Yesterday I spent more than 10 hours traveling with three connecting flights and almost no sleep, only to find that there was no bag for me when I arrived at my home destination. Maybe this has happened to you before, maybe not, but perhaps you can still sympathize with that feeling of “….oh no….” as a laundry list of lost items floods through your mind. (Particularly my iPhone 5 chargers, both of them, which as we know are not cheap!)

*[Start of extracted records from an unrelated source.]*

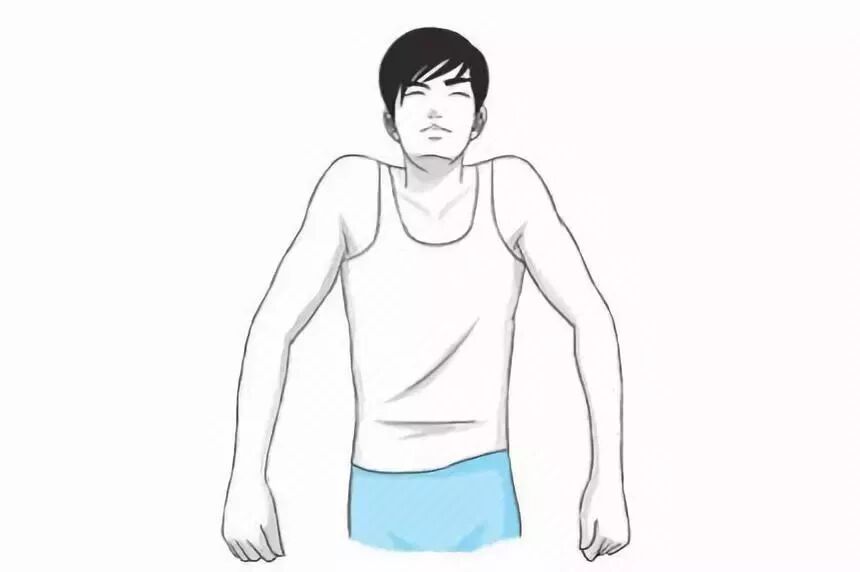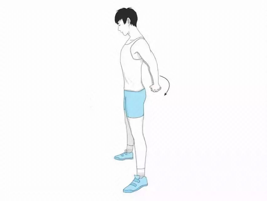 身体采用自然站姿或是坐姿,保持上身正直,双手背后握。手臂应该朝下面伸展。肩部要往外旋,不要耸肩。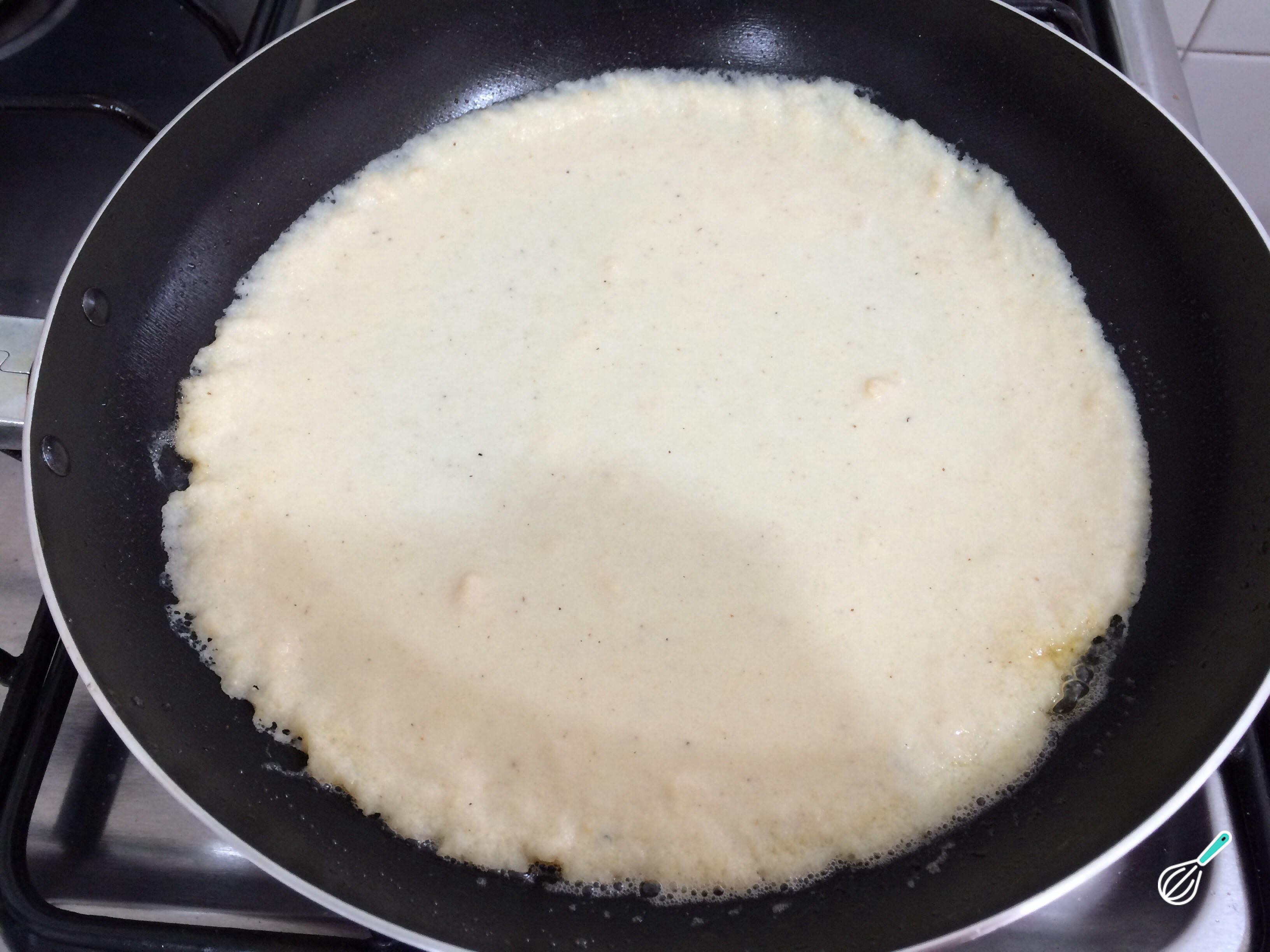 Unte uma frigideira antiaderente com um pouco de óleo, e coloque aí uma concha de sopa da massa anterior. Distribua bem, agitando a frigideira, e cozinhe cada lado em fogo baixo durante cerca de 2 minutos.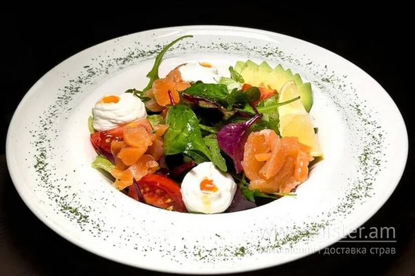 Слабосолений лосось власного виробництва, з крем-сиром та авокадо.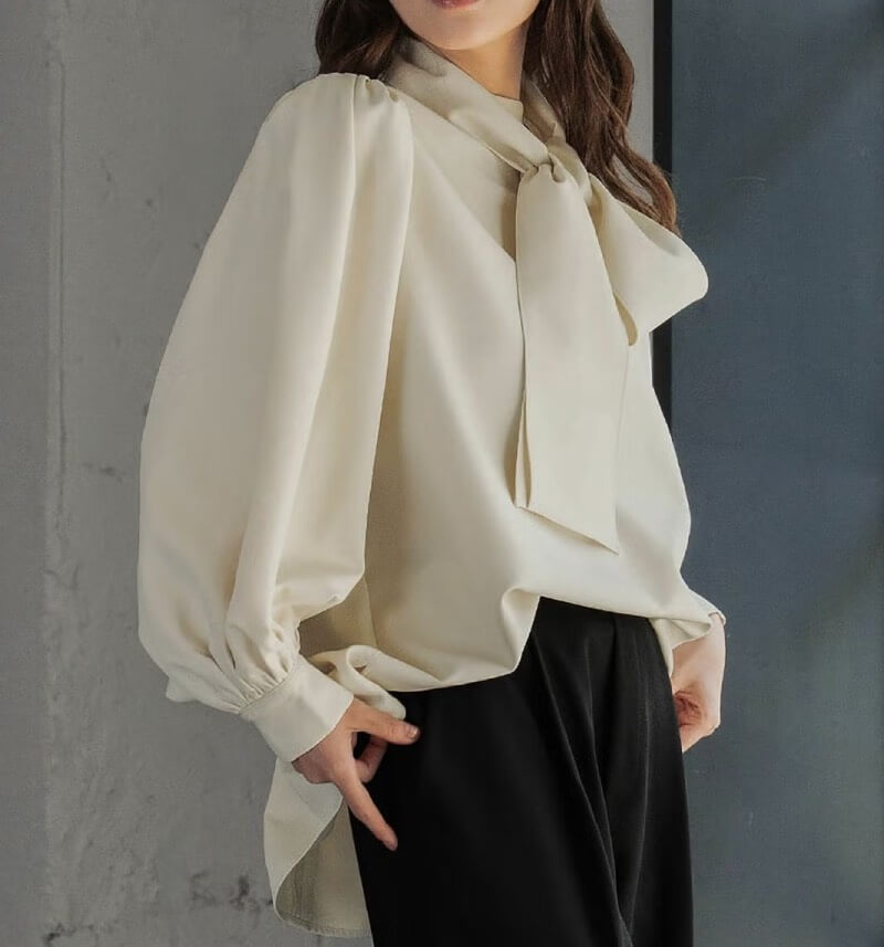 一方で、華奢な体型の方は、フリルやギャザーがあしらわれたブラウスでボリュームを足すと、華やかさが増す。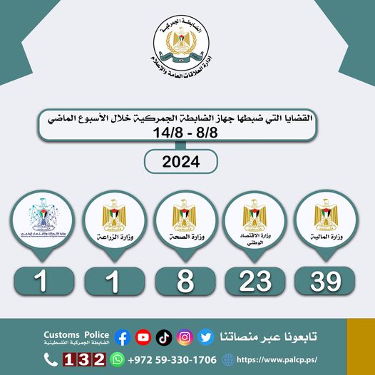 The Customs Police Department dealt with 84 cases during the past week in cooperation with partner agencies

I needed answers and I wanted them NOW. I waited at the airline check-in desk for 20 minutes before I had to track someone down and request help myself. Now, I work in customer service. I know what it feels like on the other side of that desk. I remembered to check my attitude and frustration and treat the woman like a human. I do not think it is conceited to say that God has definitely graced me with a very keen sense understanding and patience. It’s certainly not my doing! Even this morning when I realized I’ve lost all my laptop and underwear and makeup, I don’t despair. I am rightly upset about it but I don’t feel terrible. Thanks be to God that something worse didn’t happen like ME getting lost or dying in a plane crash. (An unavoidable thought every time I fly)
Still, as a natural product of our American culture in 2013 I mourn the loss of material things and use this experience to grow closer to Jesus whom I can never lose, because he will never let me become lost. No airport or love of possessions or any amount of frustration can separate me from his love or his grasp on me. And that’s what I gained by losing my bag.